As it was announced that the University of Texas would receive their own ESPN-sponsored television channel, concern spread across the college football landscape like wildfire. In particular, several Big-12 universities voiced unease that the Longhorn Network -- as it has been affectionately dubbed -- would become the ultimate Texas recruiting tool.
The worries were understandably founded. ESPN Programming Vice President Dave Brown announced last month that the network would broadcast high school games from both inside and outside the state. Texas Athletic Director DeLoss Dodds extrapolated on Brown's words, explaining that the network would select the televised high school games based on what Texas "feels is best".
Immediate discomfort was felt by all within the conference. Greasing high school kids with the ability to broadcast their faces to the entire country is an utterly absurd advantage that no other university possesses.
Despite that, Texas officials maintained that they would keep this brave new world as ethical as possible. Though those claims suddenly seem to have shrunk to the backburner, following Brown's latest remarks.

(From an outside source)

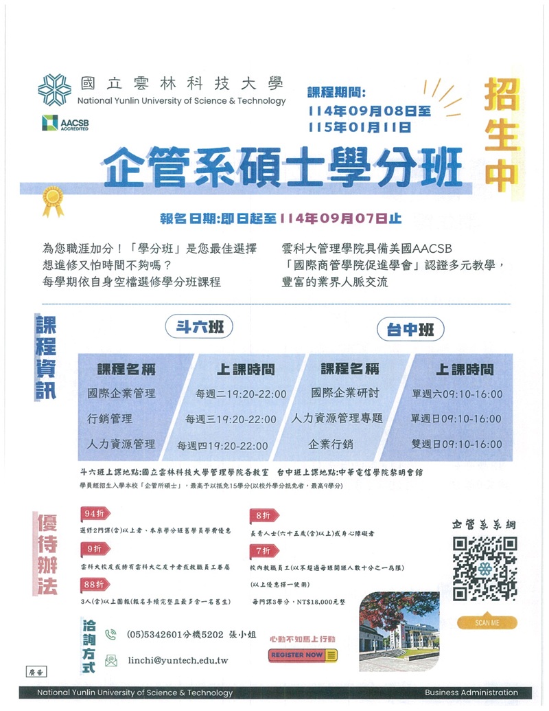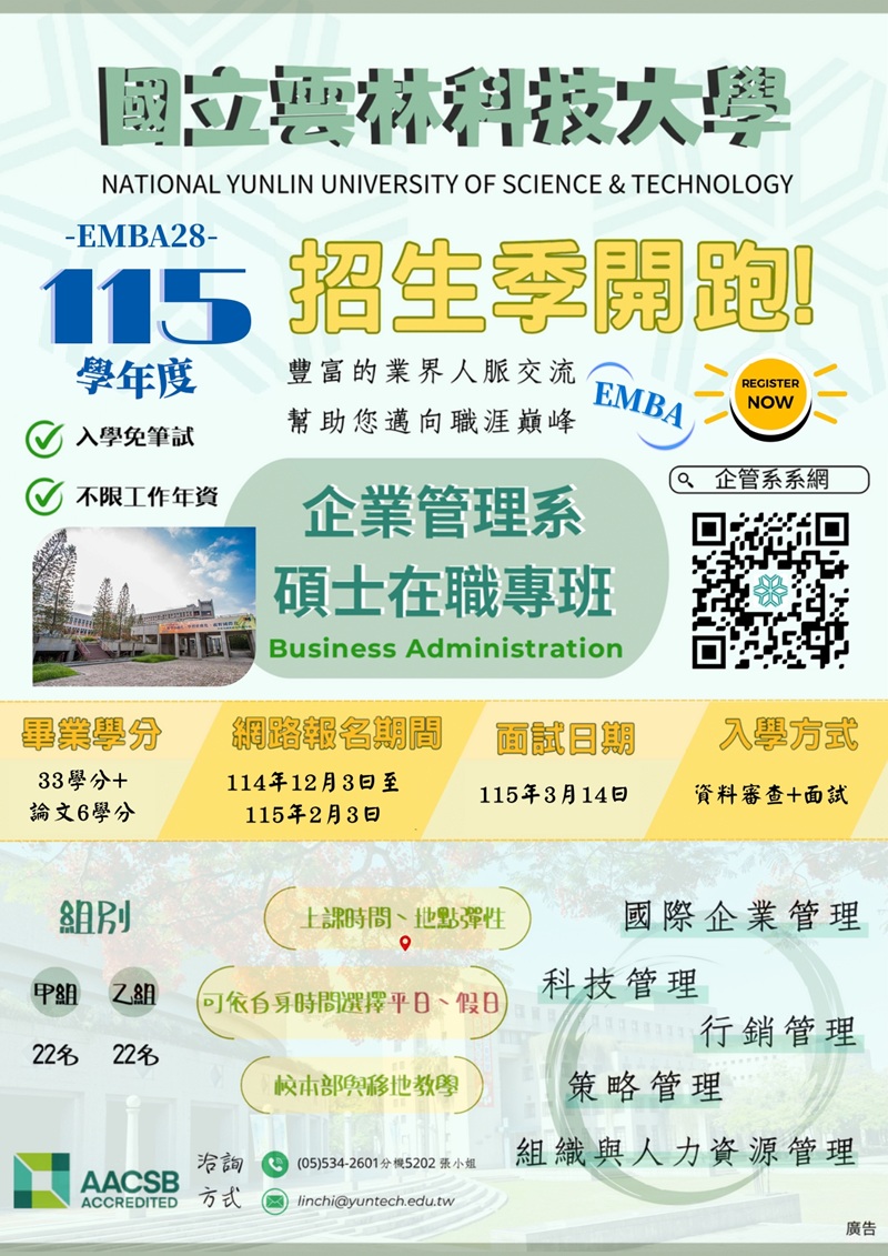 (轉知) 國立雲林科技大學115學年度企業管理系EMBA28碩士在職專班及學分班,熱烈招生中。

“One other thing, you may see us, I know there’s a kid [unsigned Texas verbal commit] Connor Brewer from Chapparal high school in Arizona. We may try to get on one or two of their games as well so people [Longhorn Network subscribers] can see an incoming quarterback that’ll be part of the scene in Austin.“
If that doesn't scream unfair recruiting advantage, then I don't know what does. The rest of the Big-12 should probably prepare for an unparalleled era of ESPN-sanctioned Texas dominance.